§ **Assignment**: Please keep the pictures out and write out exactly the lines from the first in the data below through the one containing "Doosan starter Choi", both included.
===== Records to process =====
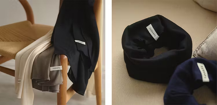 「ワイドストール」は身体をすっぽりと包む大判(サイズ:150cm×72cm)で、肩掛けやひざ掛けとしても使用できる。筒状の「ネックウォーマー」(サイズ:53cm×23cm)はかぶるだけで首元を優しく温める。秋冬シーズンのみならず、オフィスや自宅など、室内における快適な体温調整にも一年を通して活躍する。どちらのアイテムも、生地の上質感を最大限に活かすため縫製はシンプルに仕上げた。カラーはベージュ、ブラック、ネイビー、モカ、モスグレーの5色展開となる。「YUDANFU」の素材には、2月に発売された「YUDANGI」の開発から生まれたウール100%を原材料としたオリジナルスムース生地を採用した。上質な柔らかさ、なめらかな肌触り、ウールが持つ優れた体温・湿度調節機能によって、一年を通して快適な使い心地が特長となっている。思わず「油断」してしまうほど付け心地が良く、仕事や家庭、趣味など、生活の様々な場面にも合わせることができる。また、防臭性、防汚性を備え、しわになりにくい点も特長だという。
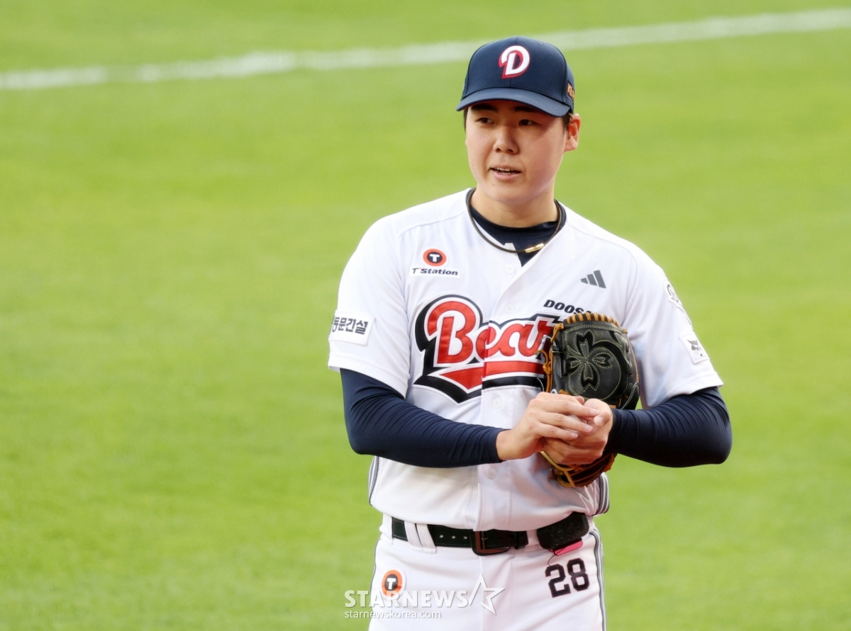 Doosan starter Choi Seung-yong is heading to the dugout after completing four innings of pitching.
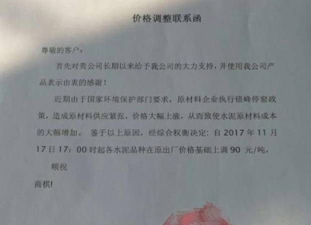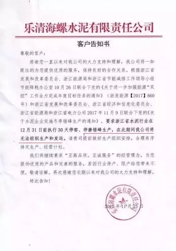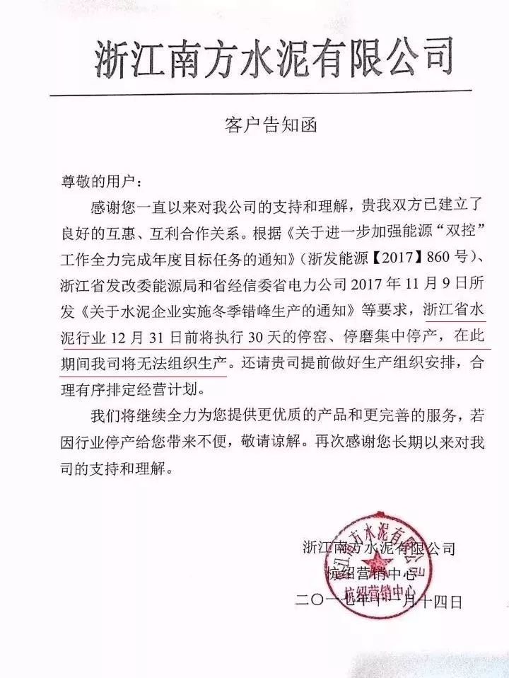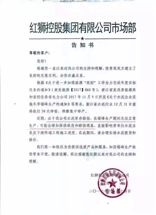 受此影響,華東浙江主導(dǎo)企業(yè)南方水泥、紅獅水泥、海螺水泥等企業(yè)向下游客戶發(fā)布告函稱:受區(qū)域錯(cuò)峰生產(chǎn)影響,將無(wú)法保證正常水泥供應(yīng),后期有可能斷貨停供。
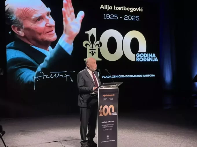 Stjepan Mesić, nedašnji predsjednik Republike Hrvatske, na večeras održanoj svečanoj akademiji povodom stote godišnjice rođenja prvog predsjednika nezavisne Republike Bosne i Hercegovine Alije Izetbegovića, kazao je kako mu je velika čast i zadovoljstvo što je večeras u Zenici i što prisustvuje akademiji povodom obilježavanja “jednog stoljeća od rođenja Alije Izetbegovića”.
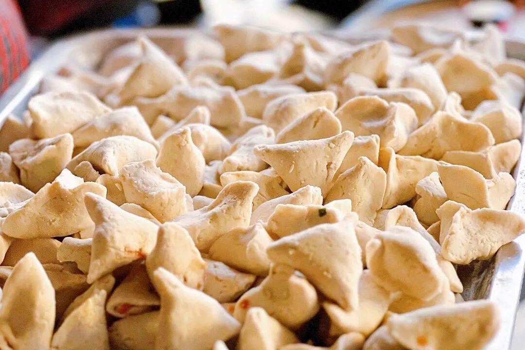 這種風格的芋餃,軟韌又滑糯,煮多久都不會爛。包出來的芋餃,餡料紮實,一個個三角形,胖乎乎的,看着就可愛。
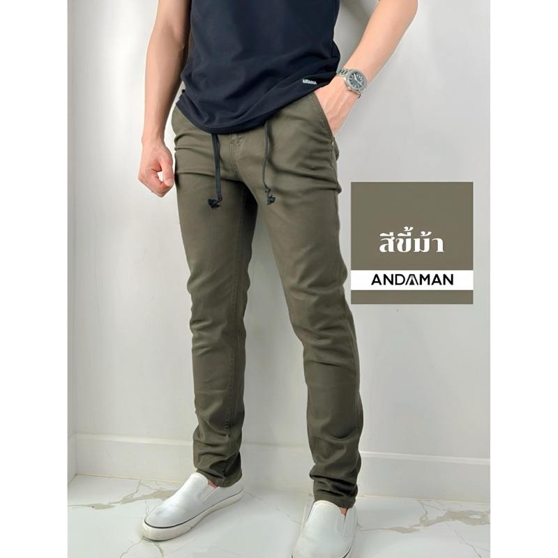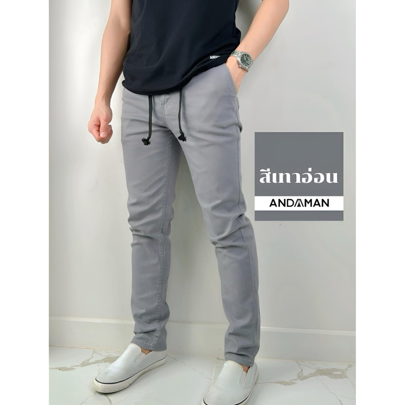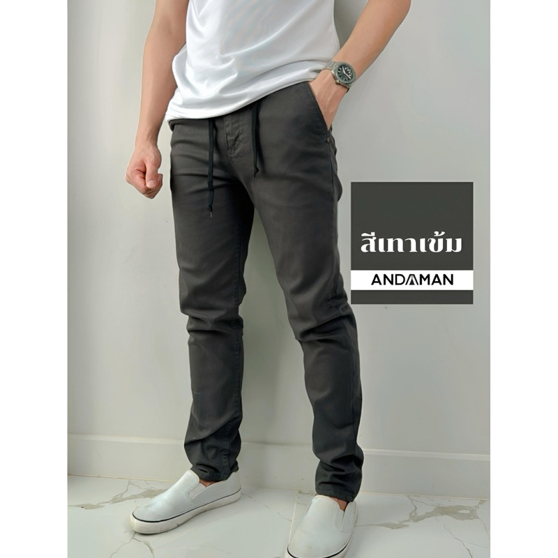 กางเกงขายาวผู้ชายเอวยางยืด มีเชือกผูก ขากระบอกเล็กผ้ายืด (เอวสม๊อค J40)
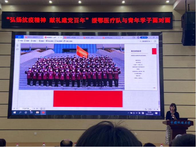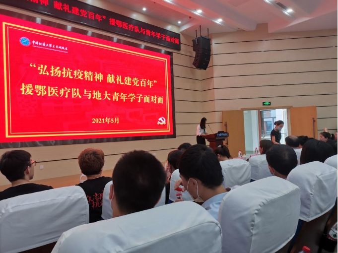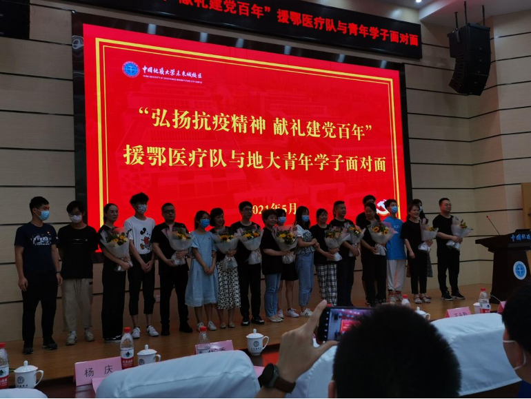 (通讯员:192192团支部、193192团支部)岱家山下夏伊始,正值人间五月天。2020年初,一场突如其来的新冠疫情席卷武汉,各省援鄂医疗队逆行出征,驰援武汉,未来城校区部分学生宿舍成为了外地援鄂医疗队驻地。如今,武汉重启,未来城校区早已春暖花开。陕西医疗队白衣战士们重返未来城校区,为地大学子讲述援鄂医疗队投身抗疫一线的动人故事,激励广大学子弘扬抗疫精神,献礼建党百年。
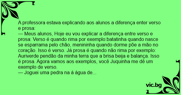 — Meus alunos, Hoje eu vou explicar a diferença entre verso e prosa: Verso é quando rima por exemplo:batatinha quando nasce se esparrama pelo chão, menininha quando dorme põe a mão no coração. Isso é verso. Já prosa é quando não rima por exemplo: Auriverde pendão da minha terra que a brisa beija e balança. Isso é prosa. Agora vamos aos exemplos, você Juquinha me dê um exemplo de verso.
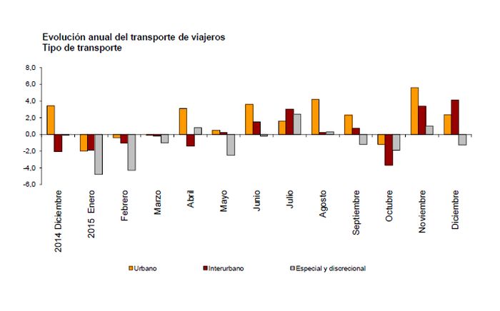 Los datos provisionales publicados por el Instituto Nacional de Estadística revelan que, en el conjunto del año 2015, el número de viajeros del transporte público aumentó un 0,9 por ciento respecto a 2014: tanto el transporte urbano como el interurbano registraron incrementos del 1,5 y el 0,4 por ciento, respectivamente. El transporte por ferrocarril, por su parte, registró un aumento del 0,5 por ciento en el número de viajeros durante el pasado ejercicio. En cuanto a los datos del mes de diciembre, el número de usuarios del transporte público aumentó un 2,5 por ciento respecto al mismo mes del año anterior.
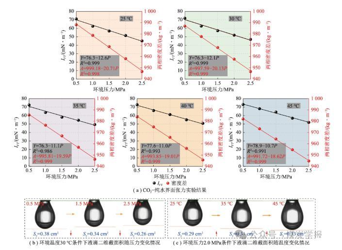 采空區CO2封存作為解決煤炭行業碳排放難題的重要負碳技術儲備,在采空區廢棄資源二次利用、CO2封存等方面具有廣泛的應用前景。利用原位界面張力測定儀開展了不同溫壓、地層水礦化度及陽離子溶液類型對CO2地層水系統的界面張力(IFT)影響規律實驗,明晰了CO2注入含水碎脹煤巖體中的氣液界面擴散效應,并將基于統計締合理論結合蘭納?瓊斯勢能模型的狀態方程(SAFT-LJ狀態方程)與密度梯度理論(DGT)結合預測了IFT理論值;利用自主研發的地質封存地化反應模擬實驗平臺對相同條件下的CO2溶解性進行了探究實驗,得到了采空區儲層環境下CO2溶解度變化特征,采用D-S模型計算了對應CO2溶解度理論值。
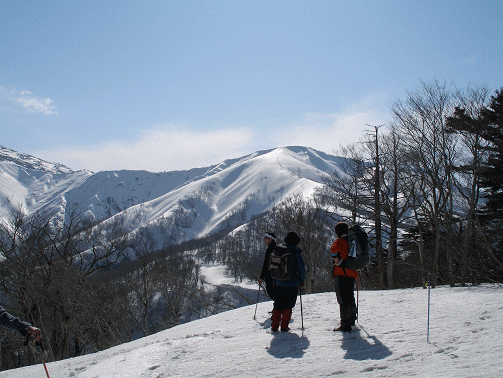 目指す窓明山はまだ遠くに見える。隣の三ツ岩岳の方が高いのだが、山頂まで針葉樹が密になっているので、ブナ林で山頂直下は白い一枚バーンになっている窓明山のほうがより輝いて見える。木が無くなり、200m弱の急斜面を登ると窓明山頂だった。雪がクラストしていたら…は杞憂に終わった。雪は適度以上に緩んでいた。
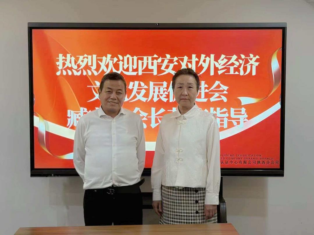 考察期间,臧宝珠会长与北京天一正认证中心有限公司陕西分公司董事长、总经理贺彦亨进行了深入务实的沟通洽谈。臧宝珠会长详细介绍了西安对外经济文化发展促进会的发展历程、平台职能、服务领域及未来规划,并对北京天一正认证有限公司陕西分公司加入西安对外经济文化发展促进会表示热烈欢迎与诚挚期待。
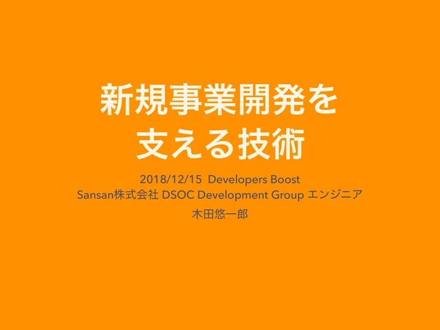 ■登壇概要 タイトル:新規事業を支える技術 登壇者:DSOC Development Group 木田悠一郎
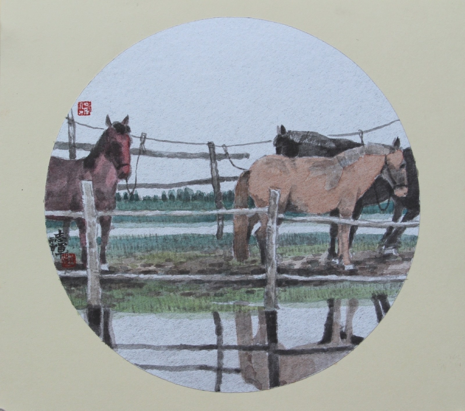 《正午時(shí)光》38cm*38cm 水墨設(shè)色 作品創(chuàng)作者:趙志軍(字之境、號(hào)大郡)
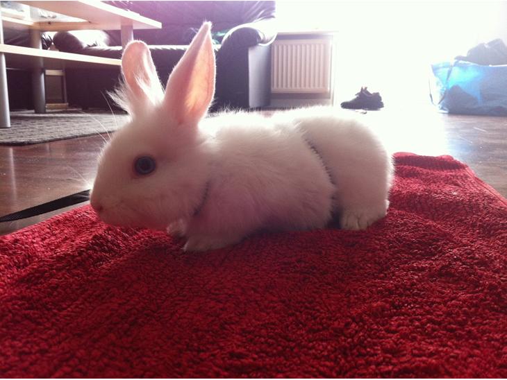 Ninus er en meget glad kanin. Han er nysgerrig, glad, nyder selskab, energisk, venlig, rolig og glad for vores 2 årig dreng.
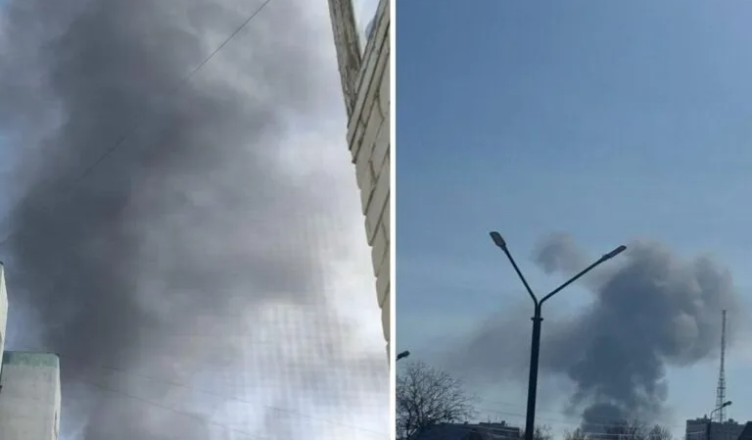 - Над самим містом та над найближчими населеними пунктами підіймається чорний дим.
=====
§ **Answer to the exercise**:
 「ワイドストール」は身体をすっぽりと包む大判(サイズ:150cm×72cm)で、肩掛けやひざ掛けとしても使用できる。筒状の「ネックウォーマー」(サイズ:53cm×23cm)はかぶるだけで首元を優しく温める。秋冬シーズンのみならず、オフィスや自宅など、室内における快適な体温調整にも一年を通して活躍する。どちらのアイテムも、生地の上質感を最大限に活かすため縫製はシンプルに仕上げた。カラーはベージュ、ブラック、ネイビー、モカ、モスグレーの5色展開となる。「YUDANFU」の素材には、2月に発売された「YUDANGI」の開発から生まれたウール100%を原材料としたオリジナルスムース生地を採用した。上質な柔らかさ、なめらかな肌触り、ウールが持つ優れた体温・湿度調節機能によって、一年を通して快適な使い心地が特長となっている。思わず「油断」してしまうほど付け心地が良く、仕事や家庭、趣味など、生活の様々な場面にも合わせることができる。また、防臭性、防汚性を備え、しわになりにくい点も特長だという。
 Doosan starter Choi Seung-yong is heading to the dugout after completing four innings of pitching.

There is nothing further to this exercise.